/---
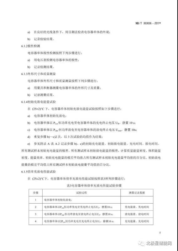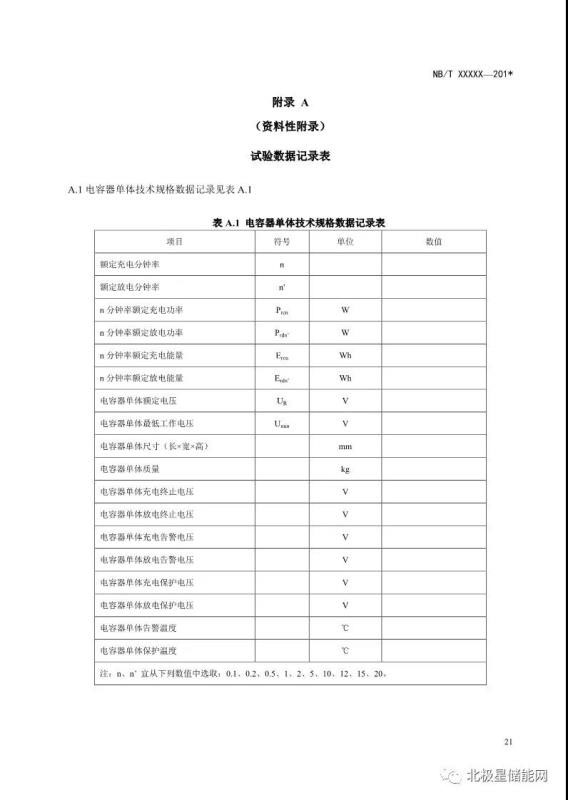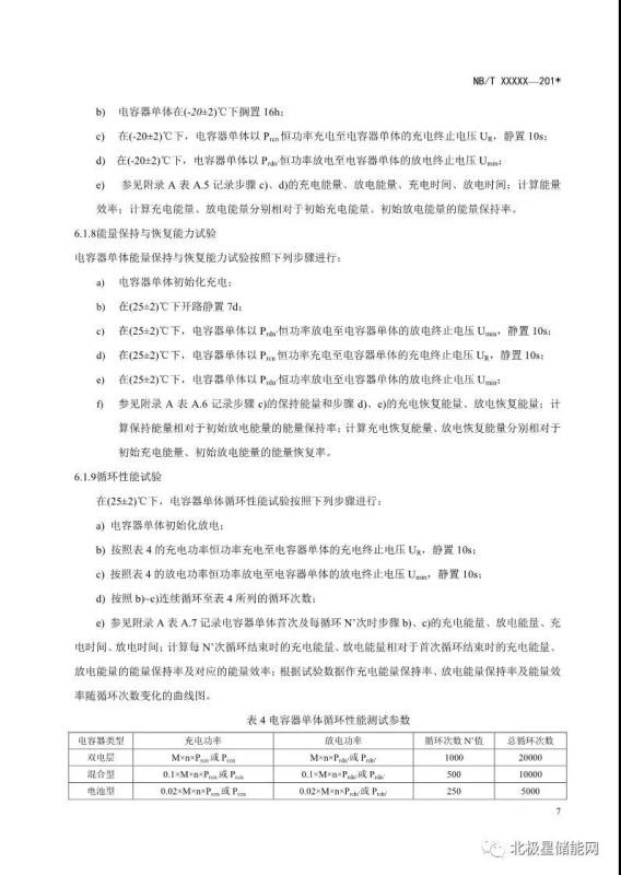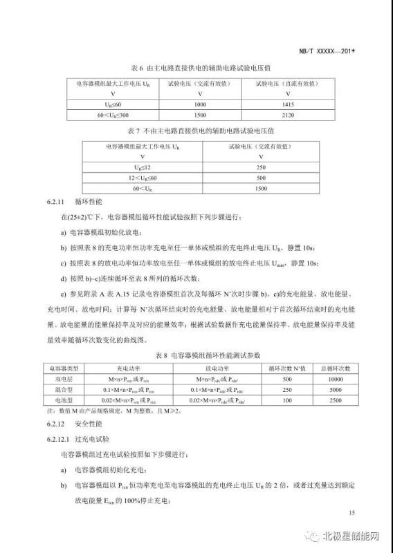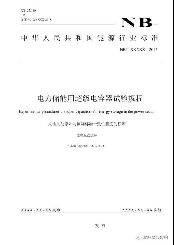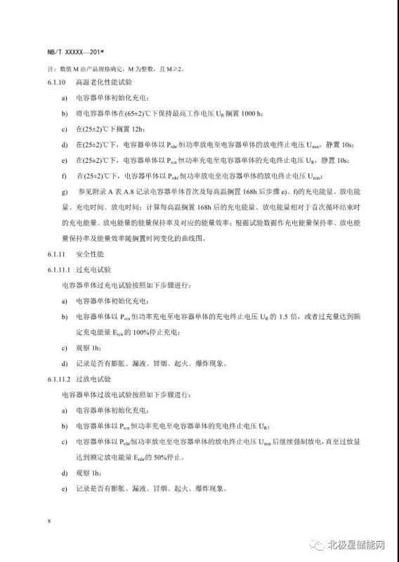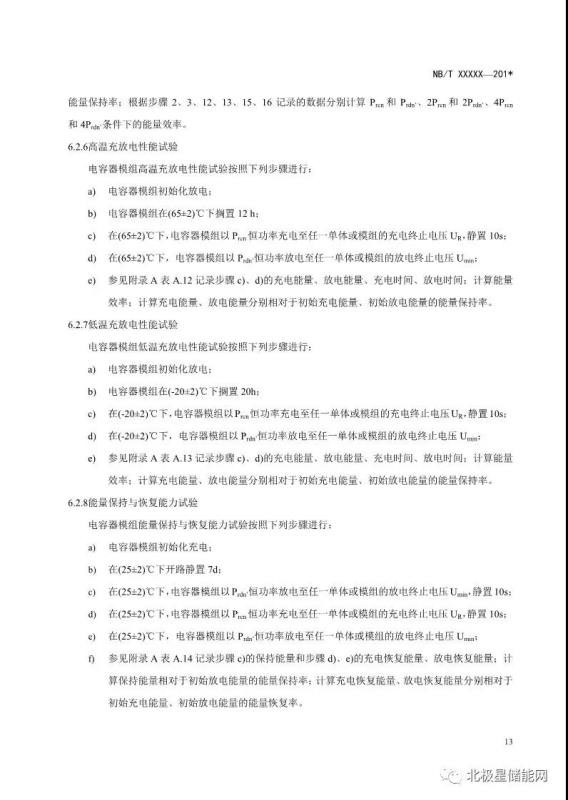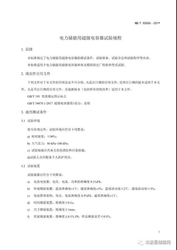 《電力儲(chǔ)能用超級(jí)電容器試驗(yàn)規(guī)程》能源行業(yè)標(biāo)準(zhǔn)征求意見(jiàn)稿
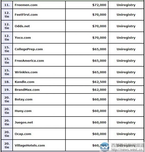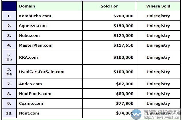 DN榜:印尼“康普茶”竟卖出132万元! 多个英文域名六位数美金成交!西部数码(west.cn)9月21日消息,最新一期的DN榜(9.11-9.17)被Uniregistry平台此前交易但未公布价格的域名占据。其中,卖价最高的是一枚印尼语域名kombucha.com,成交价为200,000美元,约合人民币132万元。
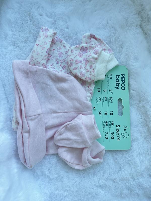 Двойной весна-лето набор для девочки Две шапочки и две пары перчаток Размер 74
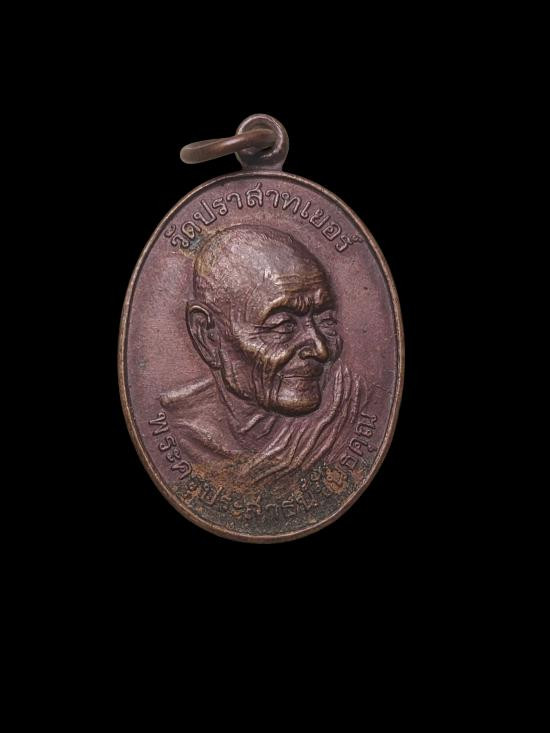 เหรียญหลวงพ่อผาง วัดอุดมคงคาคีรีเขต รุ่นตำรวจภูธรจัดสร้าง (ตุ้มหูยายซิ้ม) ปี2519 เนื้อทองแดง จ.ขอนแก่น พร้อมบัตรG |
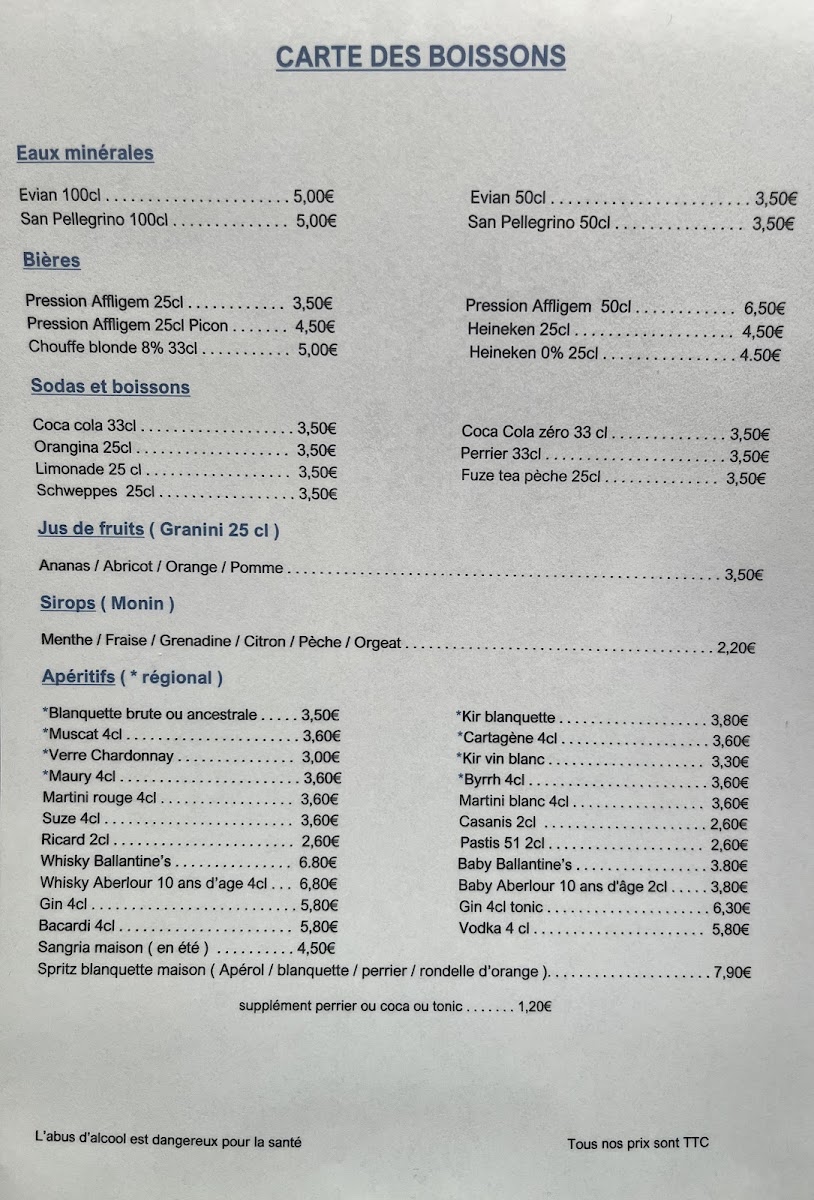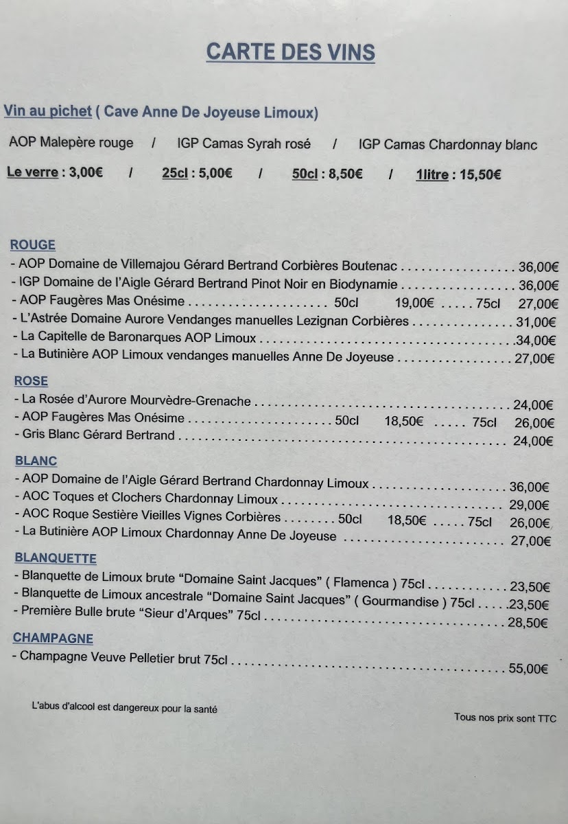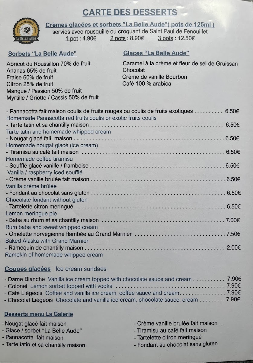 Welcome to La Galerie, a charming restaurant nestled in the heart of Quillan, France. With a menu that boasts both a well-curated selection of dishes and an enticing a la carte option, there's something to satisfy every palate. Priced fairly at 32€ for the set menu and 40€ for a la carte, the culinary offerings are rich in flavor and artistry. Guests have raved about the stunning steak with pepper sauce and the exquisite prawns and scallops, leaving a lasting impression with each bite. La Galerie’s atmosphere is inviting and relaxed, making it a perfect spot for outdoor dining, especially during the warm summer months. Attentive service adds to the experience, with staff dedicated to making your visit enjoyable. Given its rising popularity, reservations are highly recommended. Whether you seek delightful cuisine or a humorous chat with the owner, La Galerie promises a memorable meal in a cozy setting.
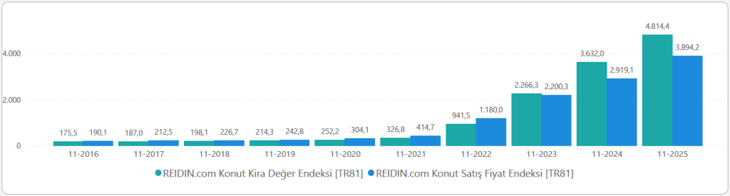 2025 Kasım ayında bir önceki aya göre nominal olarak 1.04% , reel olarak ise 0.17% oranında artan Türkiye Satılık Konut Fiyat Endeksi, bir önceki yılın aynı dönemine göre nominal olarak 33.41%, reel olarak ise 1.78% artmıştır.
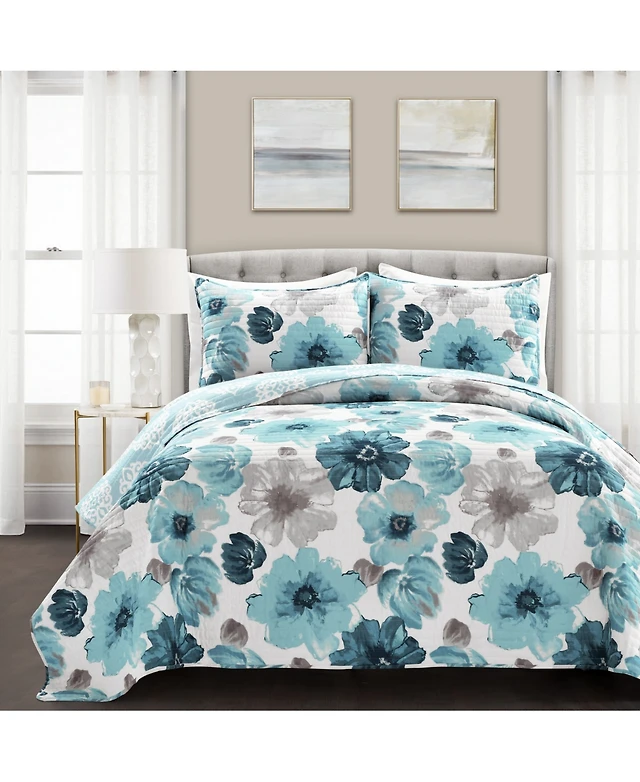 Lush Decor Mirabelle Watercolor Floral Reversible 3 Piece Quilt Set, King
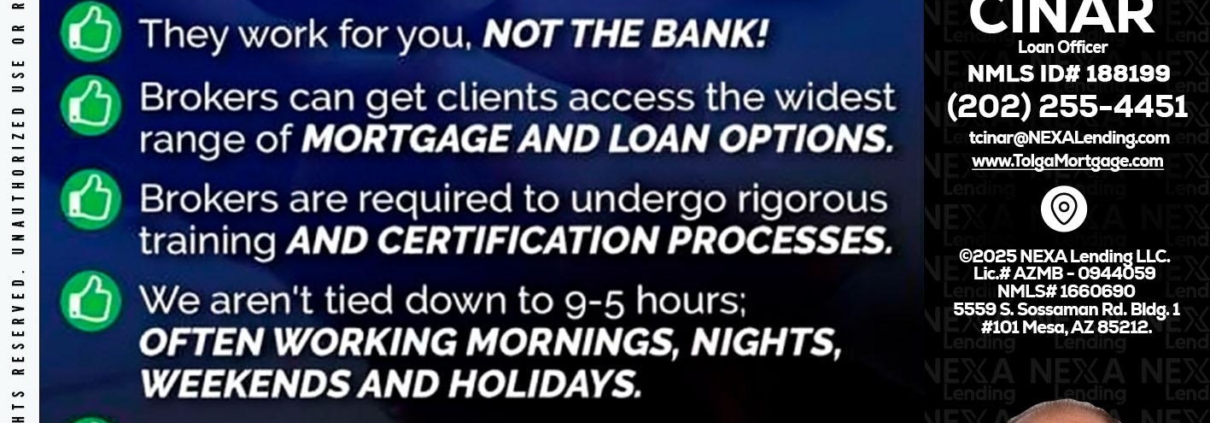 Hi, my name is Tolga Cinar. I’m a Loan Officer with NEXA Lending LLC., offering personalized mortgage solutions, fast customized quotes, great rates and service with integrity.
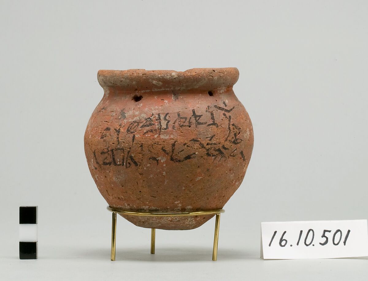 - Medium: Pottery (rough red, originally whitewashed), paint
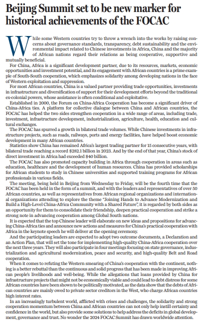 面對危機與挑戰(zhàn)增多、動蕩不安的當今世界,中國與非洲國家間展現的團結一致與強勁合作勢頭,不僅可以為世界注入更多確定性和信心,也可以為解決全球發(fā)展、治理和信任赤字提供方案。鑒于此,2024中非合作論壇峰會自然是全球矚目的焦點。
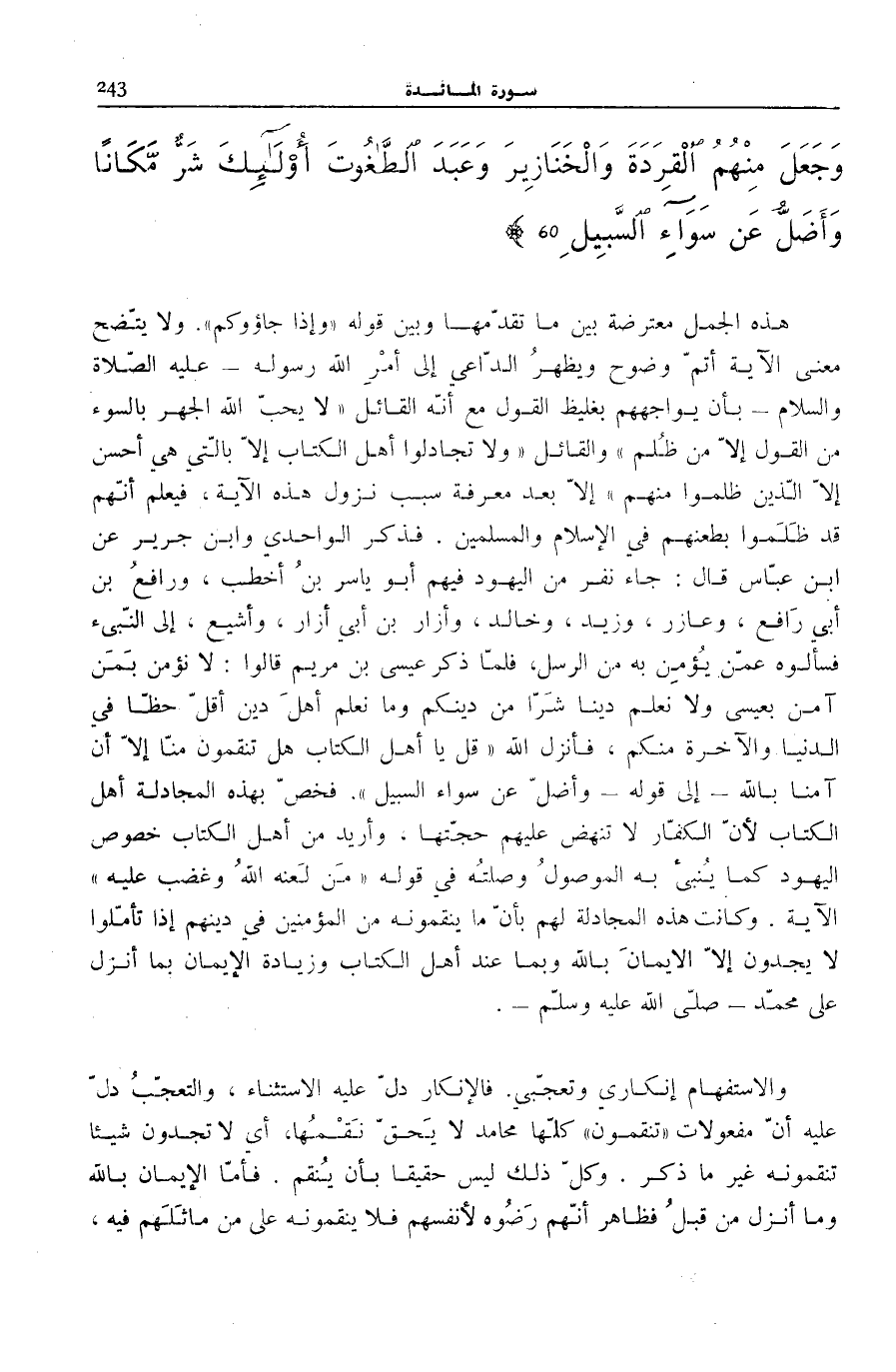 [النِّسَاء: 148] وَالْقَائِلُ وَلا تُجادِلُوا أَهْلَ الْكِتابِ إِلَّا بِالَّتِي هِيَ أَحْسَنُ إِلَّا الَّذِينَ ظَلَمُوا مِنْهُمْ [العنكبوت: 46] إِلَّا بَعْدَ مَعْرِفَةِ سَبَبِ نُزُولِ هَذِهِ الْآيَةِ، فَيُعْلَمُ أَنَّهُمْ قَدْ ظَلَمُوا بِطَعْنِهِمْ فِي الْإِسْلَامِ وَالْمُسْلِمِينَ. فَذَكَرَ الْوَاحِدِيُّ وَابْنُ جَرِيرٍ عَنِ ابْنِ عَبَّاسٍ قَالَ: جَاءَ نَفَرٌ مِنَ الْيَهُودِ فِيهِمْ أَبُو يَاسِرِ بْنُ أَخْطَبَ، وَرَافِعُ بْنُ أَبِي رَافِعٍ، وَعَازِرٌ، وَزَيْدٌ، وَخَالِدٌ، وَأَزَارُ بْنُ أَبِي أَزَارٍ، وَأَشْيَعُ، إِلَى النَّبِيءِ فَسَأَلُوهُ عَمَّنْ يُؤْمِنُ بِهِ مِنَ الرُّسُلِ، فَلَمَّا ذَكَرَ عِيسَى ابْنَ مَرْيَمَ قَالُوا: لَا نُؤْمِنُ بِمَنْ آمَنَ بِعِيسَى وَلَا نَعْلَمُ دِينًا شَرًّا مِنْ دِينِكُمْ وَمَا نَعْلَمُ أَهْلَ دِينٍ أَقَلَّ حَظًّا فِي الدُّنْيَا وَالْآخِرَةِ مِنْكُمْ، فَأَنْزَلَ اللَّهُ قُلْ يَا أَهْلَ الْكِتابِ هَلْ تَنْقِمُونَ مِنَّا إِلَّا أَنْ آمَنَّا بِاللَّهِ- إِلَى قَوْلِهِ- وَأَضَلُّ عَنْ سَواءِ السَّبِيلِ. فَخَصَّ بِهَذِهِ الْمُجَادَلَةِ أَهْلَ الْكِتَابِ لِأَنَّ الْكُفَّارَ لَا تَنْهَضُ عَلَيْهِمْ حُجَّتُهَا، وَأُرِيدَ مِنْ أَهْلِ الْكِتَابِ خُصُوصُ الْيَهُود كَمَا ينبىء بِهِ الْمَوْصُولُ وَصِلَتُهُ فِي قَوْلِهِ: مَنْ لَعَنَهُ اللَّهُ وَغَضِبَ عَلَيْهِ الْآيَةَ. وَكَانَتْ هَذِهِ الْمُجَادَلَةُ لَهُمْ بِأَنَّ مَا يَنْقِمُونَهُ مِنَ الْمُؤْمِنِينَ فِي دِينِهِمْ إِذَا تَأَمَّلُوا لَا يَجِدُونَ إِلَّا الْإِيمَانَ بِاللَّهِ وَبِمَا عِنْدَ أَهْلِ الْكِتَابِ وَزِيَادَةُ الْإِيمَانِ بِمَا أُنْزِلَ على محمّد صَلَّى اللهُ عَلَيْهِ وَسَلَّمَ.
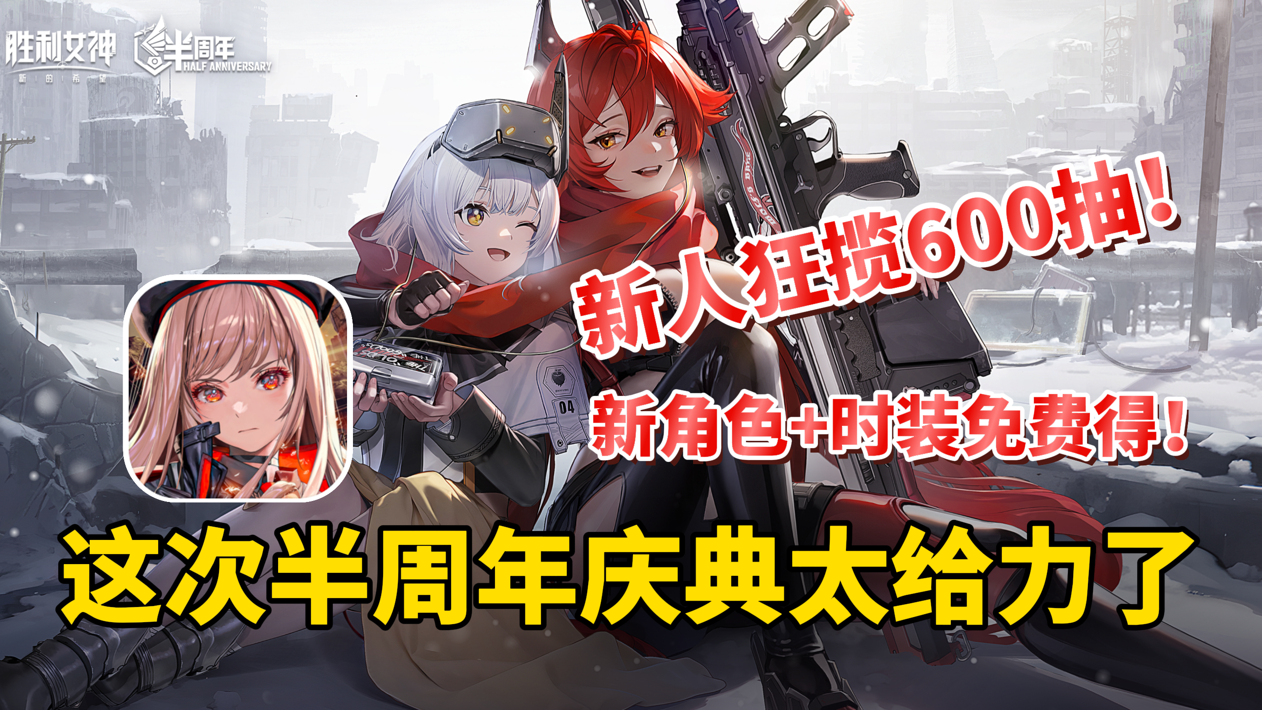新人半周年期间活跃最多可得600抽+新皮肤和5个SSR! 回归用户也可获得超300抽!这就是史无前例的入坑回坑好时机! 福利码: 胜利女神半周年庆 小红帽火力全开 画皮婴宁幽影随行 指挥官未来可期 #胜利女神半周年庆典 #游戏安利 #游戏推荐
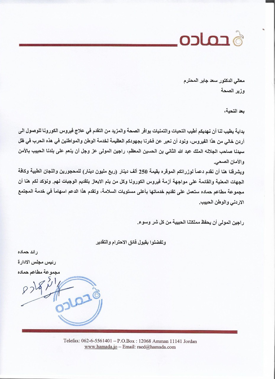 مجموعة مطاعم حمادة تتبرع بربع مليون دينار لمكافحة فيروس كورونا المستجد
\---
# Activity
Leave the pictures out and please restate exactly the lines running from the start of the material through the one with "Двойной весна-лето набор".

# Task solution
 《電力儲(chǔ)能用超級(jí)電容器試驗(yàn)規(guī)程》能源行業(yè)標(biāo)準(zhǔn)征求意見(jiàn)稿
 DN榜:印尼“康普茶”竟卖出132万元! 多个英文域名六位数美金成交!西部数码(west.cn)9月21日消息,最新一期的DN榜(9.11-9.17)被Uniregistry平台此前交易但未公布价格的域名占据。其中,卖价最高的是一枚印尼语域名kombucha.com,成交价为200,000美元,约合人民币132万元。
 Двойной весна-лето набор для девочки Две шапочки и две пары перчаток Размер 74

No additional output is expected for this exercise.